Что — тебе, чернявая, тоже не спится? И не поленилась же по лесенке взойти на такую-то верхотуру!..
— Спасибо.
— А раньше — помнишь? — в детстве ты всегда страшно гнусавил. И голос у тебя был тоненький, вроде бы жалостливый. когда ты пел, выходило смешно.
— Помню, еще бы! Ты всегда смеялась, а я воображал, что это ты смехом смущение пытаешься скрыть. Очень, представь, воодушевлялся от таких мыслей. Потом как-то мне Шкиратль сказал: ты, говорит, зачем себя дураком выставляешь? Это было в тот последний раз, когда вы с отцом приезжали.
— Да, ты тогда ходил надутый, как сыч, — и глазищами сверкал, сверкал! Я, когда уезжала, очень рассердилась.
— И не жалела, что больше не виделась со мной?
— Потом жалела. Папа объяснил, конечно, про Шкиратля, что опекунство много значило для твоего отца, а непременным условием было отсутствие «посторонних».
— О да, батюшка согласился бы на всё ради своего маркизства. Смерть мамы сделала его совсем невменяемым. А те, кто ставил ограничительные условия, тоже, как мне кажется, были немного безумны. Шкиратль у нас появился год спустя после моего рождения, лет девять мы жили вместе — и ничего, а потом вдруг эти господа из столицы решили, что нас нужно срочно запереть в четырех стенах и чтоб из замка ни ногой. Понаслали кучу шпионов, которые делали вид, будто они наши учителя. А батюшка только улыбался и раскланивался: добро пожаловать, гости дорогие! Надо было бы — спину свою подставил под их сапоги!
— Перестань!
— Перестать?! Ты не видела, что здесь творилось все эти годы! Привыкла, что господин Никкэльр — добрый, громкий, безобидный дядюшка? Добрый, как же! Если ему будет нужно, он повесит тебя на осине не раздумывая.
— Зря ты так говоришь…
— Может быть, зря. Но я говорю правду! Ты не жила с ним все эти годы. «Титул ради сына» — как же, ради кого же еще! Но милому господину Никкэльру наплевать и на меня, и на тебя, и на Нектарника! Я важен для него только потому, что меня можно упрекать и всё время напоминать мне, чего он лишился во имя моего блага. Нектарнику, господину Туллэку, батюшка рад, ибо есть перед кем покрасоваться, есть кому намекнуть: «Кем я был тогда и кем я стал теперь, а!» Ну а ты — отличный случай выказать великодушие, даже пособолезновать: «Ах, Грихор-Грихор!..»

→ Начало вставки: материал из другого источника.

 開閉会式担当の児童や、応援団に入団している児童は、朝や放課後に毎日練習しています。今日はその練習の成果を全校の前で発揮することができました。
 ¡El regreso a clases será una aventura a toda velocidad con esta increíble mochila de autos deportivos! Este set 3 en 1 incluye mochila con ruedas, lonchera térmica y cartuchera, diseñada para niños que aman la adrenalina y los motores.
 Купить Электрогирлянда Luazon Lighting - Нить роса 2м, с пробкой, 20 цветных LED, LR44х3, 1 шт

Пылкую речь Эндуана прервал хлесткий звук пощечины.
«Недурно! — мысленно поаплодировал графиньке Гвоздь. — Но — напрасно».
— Извини, — пробормотал Дровосек-младший. — Не стоило, конечно, вспоминать о твоем отце. Однако раз уж… Это правда, что он был запретником?
— Кем?
— Только не делай вид, будто не поняла, о чем я.

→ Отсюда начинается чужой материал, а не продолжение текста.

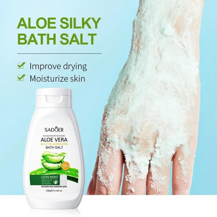 نمک حمام بدن آلوئه ورا سادور با عصاره آلوئهورا ساخته شده است و بهطور ویژه برای رفع تیرگی نواحی زیر بغل، کشاله ران و سایر نقاط حساس بدن موثر است. این محصول ضمن خاصیت آبرسانی، به تسکین و آرامش پوست کمک میکند و سلولهای مرده را از بین میبرد.
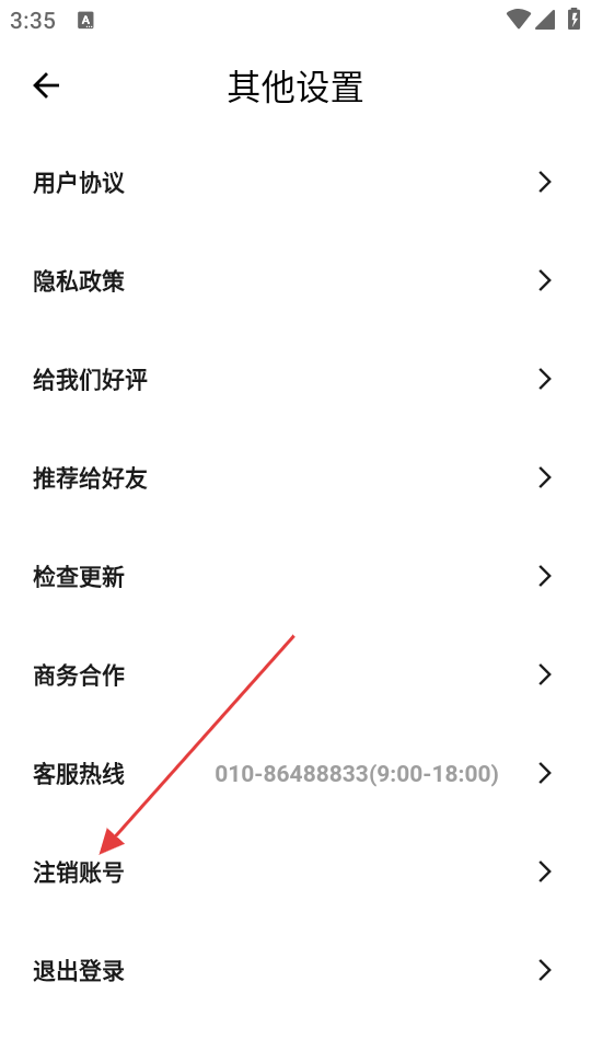 3、在其他设置页面点击【注销账号】选项,进入账号注销确认流程。
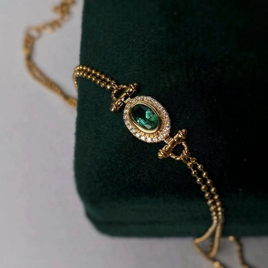 Goldarmband Damen : 18K Gelbgold Echt Diamant Natürlicher Smaragd - Armband

— Он не был запретником. С чего ты взял?..
— Батюшка рассказывал. Думаешь, они с твоим отцом были в приятельских отношениях… как там говорят? — «дружба до гроба», да? Так вот, батюшка не раз высмеивал графа, в том числе и его увлеченность тайными культами, как захребетными, так и местного разлива.

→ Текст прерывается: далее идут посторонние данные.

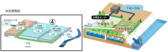 大雨が降って、2Qと超えた場合は、沈殿処理や消毒処理を行う「簡易処理水」として河川等に放流する(2Q~3Q)
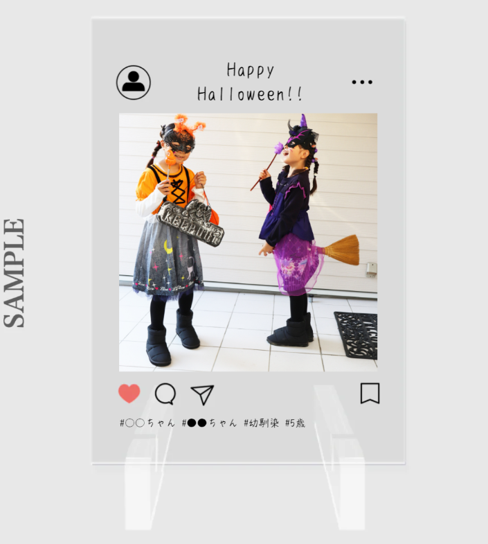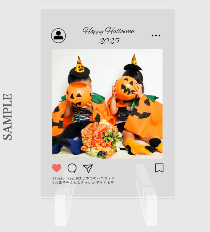 ハロウィンの楽しい思い出にぴったりな、ユニークでおしゃれなデザインのインスタ風アクリルフォトフレーム。透明感の高いアクリルに、まるでInstagramの投稿画面のように写真とタイトル、ハッシュタグをプリント。世界にひとつの、オリジナルなフォトフレームになります!
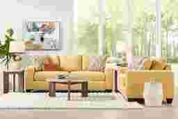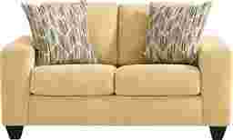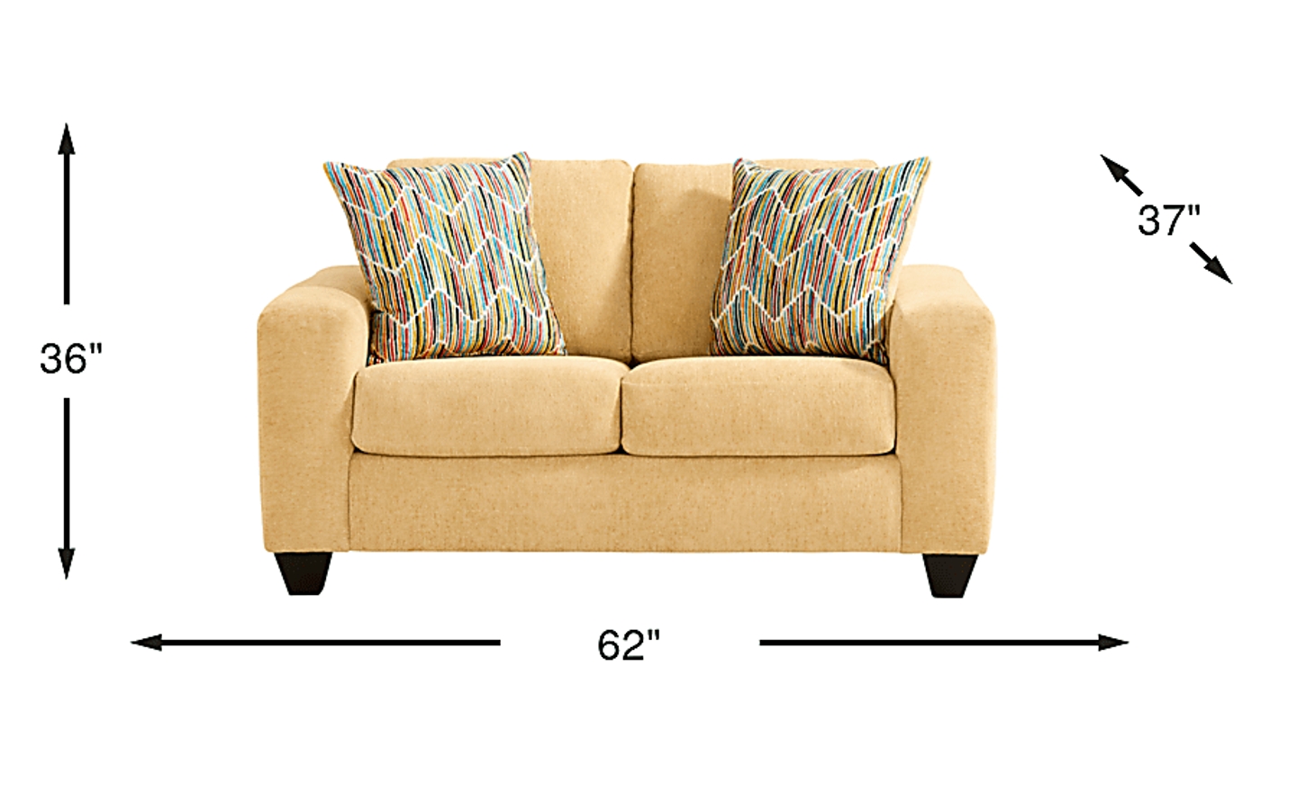 At the end of a long day when relaxation takes priority, a welcoming comfort waits within the Mallard Trace collection's easygoing style and sink-in seating. Upholstered in a soft, textured yellow fabric, this transitional loveseat features gently rounded track arms and deep seat cushions that invite you to settle in and stay awhile. Clean tailoring keeps the look polished, while the included accent pillows add a pop of pattern and personality. Subtly tapered legs in a black finish bring casual charm that feels effortless yet familiar. Upholstery: 100% polyester.

— Ну и что?! — искренне возмутилась чернявая. — Разве обязательно при этом быть запретником? Да они как раз такими вещами интересуются постольку, поскольку на самом деле их волнует не суть, а форма.
— Ты-то откуда об этом знаешь?
— Что ж я, по-твоему, совсем пустоголовая?
— Погоди, в той же столице полным-полно умных людей, но многие ли из них…
— Ты всегда такой занудный или только по праздникам?
— Значит, твой отец действительно интересовался всеми этими культами, так? И тебе кое-что рассказывал.
— Интересовался и рассказывал. Дальше что? Побежишь звать местного эпимелита, чтобы определил меня в священные жертвы? Или пойдешь расскажешь своему отцу, а потом вместе с ним посмеешься над глупыми суеверными Н'Адерами?
Пауза. Воздух аж звенит от тишины и того, что за нею кроется. Наконец:
— А ты изменилась за эти годы, Флорина.
— Не ожидал же ты, что я останусь десятилетней девчонкой!